The answer must consist only of the lines from the line with "Zittend Persoon |" to the line with "Природоохранная акция в", both included, exactly as they stand below.
───── Records for the exercise
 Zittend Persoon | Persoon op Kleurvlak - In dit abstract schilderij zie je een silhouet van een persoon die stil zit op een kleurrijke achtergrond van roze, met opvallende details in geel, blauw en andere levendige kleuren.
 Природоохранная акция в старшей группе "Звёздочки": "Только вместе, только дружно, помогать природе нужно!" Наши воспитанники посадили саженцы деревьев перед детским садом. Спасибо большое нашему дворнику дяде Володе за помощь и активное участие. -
──────────
───── Records for the exercise
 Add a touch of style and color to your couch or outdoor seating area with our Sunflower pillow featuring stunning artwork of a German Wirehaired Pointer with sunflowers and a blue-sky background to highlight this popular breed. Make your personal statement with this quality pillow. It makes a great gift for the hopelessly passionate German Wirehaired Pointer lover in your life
──────────
Output below:
 Zittend Persoon | Persoon op Kleurvlak - In dit abstract schilderij zie je een silhouet van een persoon die stil zit op een kleurrijke achtergrond van roze, met opvallende details in geel, blauw en andere levendige kleuren.
 Природоохранная акция в старшей группе "Звёздочки": "Только вместе, только дружно, помогать природе нужно!" Наши воспитанники посадили саженцы деревьев перед детским садом. Спасибо большое нашему дворнику дяде Володе за помощь и активное участие. -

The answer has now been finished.